A case regarding a Virginia high school’s controversial, seemingly race-based admissions policy might be heading to the U.S. Supreme Court, Fox News reports.
The school is the Thomas Jefferson High School for Science and Technology, a magnet school located in Fairfax County, Virginia.
The school, in the past, has faced criticism for lacking diversity. As a result, the school decided to change its admissions process, which used to be heavily based on standardized testing, so as to take into account such things as an applicant’s socioeconomic background.
The results of this change speak for themselves. The percentage of Black students went from 1% of the student body to 7%, and the percentage of Hispanic students went from 3% to 11%. At the same time, the percentage of Asian American students went from 73% of the student body to only 54%.
The lawsuit
A group of parents, known as the Coalition for TJ, is looking to get the school to overturn this new admissions practice, so they took the matter to the courts.
Coalition for TJ is arguing, in part, that the new admissions practice unfairly discriminates against Asian American students, as the numbers suggest.
Fairfax County Public Schools claim that this is false. It has insisted that its new admissions practices are race-neutral, and it further claims that admissions officials do not even know an applicant’s race when they review the applicant’s admission documents.
Legal proceedings
In February, a district court ruled in favor of the Coalition for TJ. Judge Claude Hilton determined that impermissible “racial balancing” is at the center of the school’s new admissions practices, and he ordered the practices to be amended.

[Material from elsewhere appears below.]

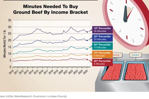 Pese al aumento sostenido de los precios minoristas de la carne vacuna, los consumidores estadounidenses continúan dispuestos a dedicar más minutos de trabajo para adquirir una libra de carne picada, según un análisis de RaboResearch.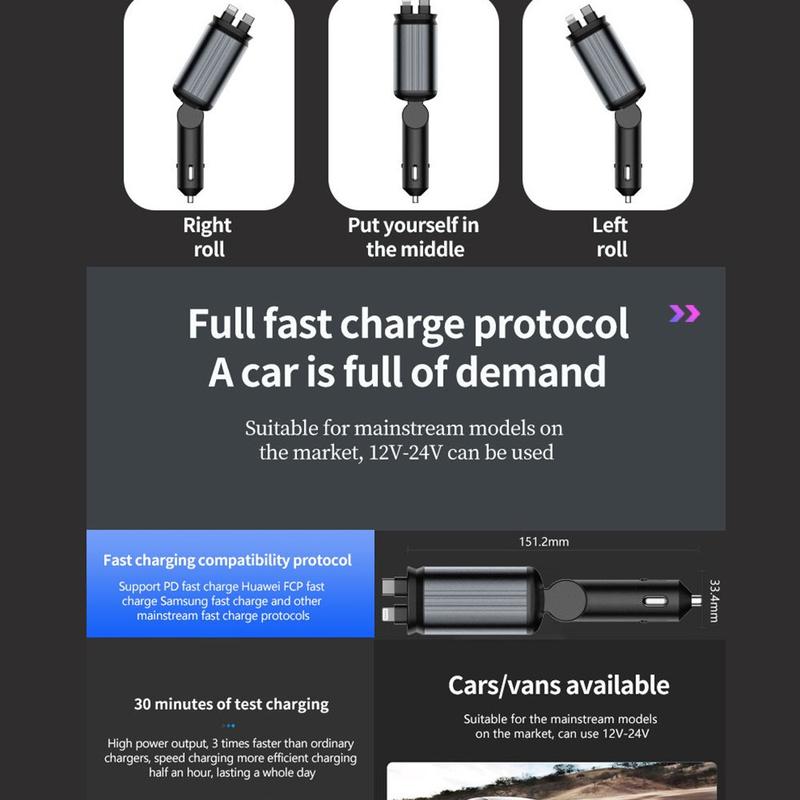 Den samlar en snabbladdare med hög effekt, två hållbara infällbara kablar, en dekorativ stjärnprojektor och en batterivoltmätare i en handflatestor enhet som minskar röran, sparar uttag och ger stil. Med uppdaterade PD/QC-protokoll och full 12-24 V-kompatibilitet är den en perfekt uppgradering för alla EU-förare.

Fairfax County Public Schools asked Hilton to delay the implementation of his ruling, but he refused. The school system appealed to the 4th Circuit.

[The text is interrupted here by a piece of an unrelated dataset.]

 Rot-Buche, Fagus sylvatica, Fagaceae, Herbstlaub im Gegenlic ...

The 4th Circuit decided to allow the school system to continue to use its new admissions practices while its legality is being decided in court. This is what led the Coalition for TJ to take the case to the U.S. Supreme Court.
Just last week, U.S. Supreme Court Justice John Roberts called upon Fairfax County Public Schools to issue a response to the Coalition for TJ’s emergency application. Once that response is provided, the justices of the U.S. Supreme Court will decide whether or not to grant the emergency application.
This could result in the case ending up before the nine justices.